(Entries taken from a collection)
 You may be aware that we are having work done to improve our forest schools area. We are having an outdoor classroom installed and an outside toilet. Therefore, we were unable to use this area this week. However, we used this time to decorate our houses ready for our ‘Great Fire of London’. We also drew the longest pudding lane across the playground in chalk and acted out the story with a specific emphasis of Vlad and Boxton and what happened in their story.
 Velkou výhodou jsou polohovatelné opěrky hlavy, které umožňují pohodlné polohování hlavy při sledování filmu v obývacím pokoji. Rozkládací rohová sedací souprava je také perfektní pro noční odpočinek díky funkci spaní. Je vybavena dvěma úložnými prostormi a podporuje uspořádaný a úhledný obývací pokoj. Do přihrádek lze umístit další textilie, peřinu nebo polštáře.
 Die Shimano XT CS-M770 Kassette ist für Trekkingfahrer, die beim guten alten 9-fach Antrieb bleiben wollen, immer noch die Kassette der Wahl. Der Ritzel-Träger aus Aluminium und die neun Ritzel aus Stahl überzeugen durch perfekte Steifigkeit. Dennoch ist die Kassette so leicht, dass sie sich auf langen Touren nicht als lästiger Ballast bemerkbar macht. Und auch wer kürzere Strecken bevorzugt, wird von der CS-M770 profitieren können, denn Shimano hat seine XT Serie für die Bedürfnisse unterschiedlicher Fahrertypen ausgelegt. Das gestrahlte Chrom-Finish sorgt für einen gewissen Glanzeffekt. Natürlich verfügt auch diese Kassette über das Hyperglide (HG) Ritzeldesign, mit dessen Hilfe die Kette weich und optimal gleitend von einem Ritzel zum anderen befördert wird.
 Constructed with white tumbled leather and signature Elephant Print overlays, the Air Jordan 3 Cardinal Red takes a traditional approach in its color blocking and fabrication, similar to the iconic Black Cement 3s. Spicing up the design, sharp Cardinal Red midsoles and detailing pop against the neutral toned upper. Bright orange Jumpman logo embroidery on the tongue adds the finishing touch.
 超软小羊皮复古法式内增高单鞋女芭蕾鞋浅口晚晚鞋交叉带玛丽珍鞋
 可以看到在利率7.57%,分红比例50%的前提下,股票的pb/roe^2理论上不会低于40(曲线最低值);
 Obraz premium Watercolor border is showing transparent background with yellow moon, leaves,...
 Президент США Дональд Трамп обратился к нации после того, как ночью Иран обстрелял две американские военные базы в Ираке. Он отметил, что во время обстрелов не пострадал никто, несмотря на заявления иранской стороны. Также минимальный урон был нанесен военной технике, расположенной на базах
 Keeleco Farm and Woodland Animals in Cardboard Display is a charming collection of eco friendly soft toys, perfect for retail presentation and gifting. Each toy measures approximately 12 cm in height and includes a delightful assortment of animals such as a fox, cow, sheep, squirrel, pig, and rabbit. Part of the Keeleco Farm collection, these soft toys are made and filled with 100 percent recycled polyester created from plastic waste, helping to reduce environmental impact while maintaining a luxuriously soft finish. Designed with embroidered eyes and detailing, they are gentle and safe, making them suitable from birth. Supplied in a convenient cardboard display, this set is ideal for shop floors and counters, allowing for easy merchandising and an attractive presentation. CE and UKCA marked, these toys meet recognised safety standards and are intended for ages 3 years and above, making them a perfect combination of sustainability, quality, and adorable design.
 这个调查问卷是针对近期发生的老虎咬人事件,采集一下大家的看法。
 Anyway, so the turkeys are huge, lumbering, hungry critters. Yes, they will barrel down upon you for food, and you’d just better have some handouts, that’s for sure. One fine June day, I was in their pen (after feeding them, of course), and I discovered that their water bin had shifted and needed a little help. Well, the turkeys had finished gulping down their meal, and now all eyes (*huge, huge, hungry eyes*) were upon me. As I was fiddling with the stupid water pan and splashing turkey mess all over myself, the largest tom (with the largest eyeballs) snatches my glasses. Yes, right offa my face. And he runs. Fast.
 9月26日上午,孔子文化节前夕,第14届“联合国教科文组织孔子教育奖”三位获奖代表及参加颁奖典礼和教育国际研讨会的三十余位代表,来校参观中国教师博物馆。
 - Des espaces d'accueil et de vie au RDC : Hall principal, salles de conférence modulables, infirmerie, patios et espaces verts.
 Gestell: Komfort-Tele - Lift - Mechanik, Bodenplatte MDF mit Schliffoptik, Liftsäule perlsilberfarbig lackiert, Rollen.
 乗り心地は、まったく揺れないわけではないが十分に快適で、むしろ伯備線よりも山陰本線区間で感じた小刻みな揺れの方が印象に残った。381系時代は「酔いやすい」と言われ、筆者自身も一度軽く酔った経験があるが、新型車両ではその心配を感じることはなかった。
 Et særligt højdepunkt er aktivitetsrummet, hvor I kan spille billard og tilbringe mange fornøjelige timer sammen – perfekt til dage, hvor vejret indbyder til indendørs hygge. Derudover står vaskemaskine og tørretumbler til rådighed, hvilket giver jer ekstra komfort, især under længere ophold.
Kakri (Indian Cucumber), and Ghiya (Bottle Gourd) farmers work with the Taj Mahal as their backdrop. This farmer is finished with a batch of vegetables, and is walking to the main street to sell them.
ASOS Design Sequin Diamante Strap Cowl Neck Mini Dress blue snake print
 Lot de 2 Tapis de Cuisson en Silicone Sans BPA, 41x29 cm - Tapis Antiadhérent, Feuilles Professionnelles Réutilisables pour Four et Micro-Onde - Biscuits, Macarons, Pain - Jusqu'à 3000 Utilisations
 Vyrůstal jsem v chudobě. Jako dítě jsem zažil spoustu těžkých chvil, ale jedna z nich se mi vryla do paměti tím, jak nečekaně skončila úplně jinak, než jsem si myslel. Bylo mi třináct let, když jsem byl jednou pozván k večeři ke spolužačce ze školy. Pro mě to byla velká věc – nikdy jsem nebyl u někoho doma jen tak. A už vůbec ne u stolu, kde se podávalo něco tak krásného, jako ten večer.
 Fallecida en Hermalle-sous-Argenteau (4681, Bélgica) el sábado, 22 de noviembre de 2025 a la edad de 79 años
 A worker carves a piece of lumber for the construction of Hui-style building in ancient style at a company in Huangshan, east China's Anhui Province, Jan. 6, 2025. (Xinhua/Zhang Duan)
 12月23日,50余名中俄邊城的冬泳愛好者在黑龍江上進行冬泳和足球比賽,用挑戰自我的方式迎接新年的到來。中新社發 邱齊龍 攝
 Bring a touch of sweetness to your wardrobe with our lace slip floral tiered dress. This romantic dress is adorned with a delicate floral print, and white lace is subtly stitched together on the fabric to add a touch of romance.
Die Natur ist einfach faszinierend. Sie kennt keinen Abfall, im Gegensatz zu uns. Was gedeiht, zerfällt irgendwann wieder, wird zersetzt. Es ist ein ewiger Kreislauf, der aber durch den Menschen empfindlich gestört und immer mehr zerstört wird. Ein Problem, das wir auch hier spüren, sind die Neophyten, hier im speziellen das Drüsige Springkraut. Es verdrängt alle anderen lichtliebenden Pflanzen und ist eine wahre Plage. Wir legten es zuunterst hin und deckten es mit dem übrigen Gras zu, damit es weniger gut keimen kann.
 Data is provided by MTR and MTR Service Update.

§ **About this task**:
Take exactly the lines from the one containing "Gestell: Komfort-Tele - Lift" through the one containing "Bring a touch" in the data above, and output them with nothing added.

§ **Result of the task**:
 Gestell: Komfort-Tele - Lift - Mechanik, Bodenplatte MDF mit Schliffoptik, Liftsäule perlsilberfarbig lackiert, Rollen.
 乗り心地は、まったく揺れないわけではないが十分に快適で、むしろ伯備線よりも山陰本線区間で感じた小刻みな揺れの方が印象に残った。381系時代は「酔いやすい」と言われ、筆者自身も一度軽く酔った経験があるが、新型車両ではその心配を感じることはなかった。
 Et særligt højdepunkt er aktivitetsrummet, hvor I kan spille billard og tilbringe mange fornøjelige timer sammen – perfekt til dage, hvor vejret indbyder til indendørs hygge. Derudover står vaskemaskine og tørretumbler til rådighed, hvilket giver jer ekstra komfort, især under længere ophold.
Kakri (Indian Cucumber), and Ghiya (Bottle Gourd) farmers work with the Taj Mahal as their backdrop. This farmer is finished with a batch of vegetables, and is walking to the main street to sell them.
ASOS Design Sequin Diamante Strap Cowl Neck Mini Dress blue snake print
 Lot de 2 Tapis de Cuisson en Silicone Sans BPA, 41x29 cm - Tapis Antiadhérent, Feuilles Professionnelles Réutilisables pour Four et Micro-Onde - Biscuits, Macarons, Pain - Jusqu'à 3000 Utilisations
 Vyrůstal jsem v chudobě. Jako dítě jsem zažil spoustu těžkých chvil, ale jedna z nich se mi vryla do paměti tím, jak nečekaně skončila úplně jinak, než jsem si myslel. Bylo mi třináct let, když jsem byl jednou pozván k večeři ke spolužačce ze školy. Pro mě to byla velká věc – nikdy jsem nebyl u někoho doma jen tak. A už vůbec ne u stolu, kde se podávalo něco tak krásného, jako ten večer.
 Fallecida en Hermalle-sous-Argenteau (4681, Bélgica) el sábado, 22 de noviembre de 2025 a la edad de 79 años
 A worker carves a piece of lumber for the construction of Hui-style building in ancient style at a company in Huangshan, east China's Anhui Province, Jan. 6, 2025. (Xinhua/Zhang Duan)
 12月23日,50余名中俄邊城的冬泳愛好者在黑龍江上進行冬泳和足球比賽,用挑戰自我的方式迎接新年的到來。中新社發 邱齊龍 攝
 Bring a touch of sweetness to your wardrobe with our lace slip floral tiered dress. This romantic dress is adorned with a delicate floral print, and white lace is subtly stitched together on the fabric to add a touch of romance.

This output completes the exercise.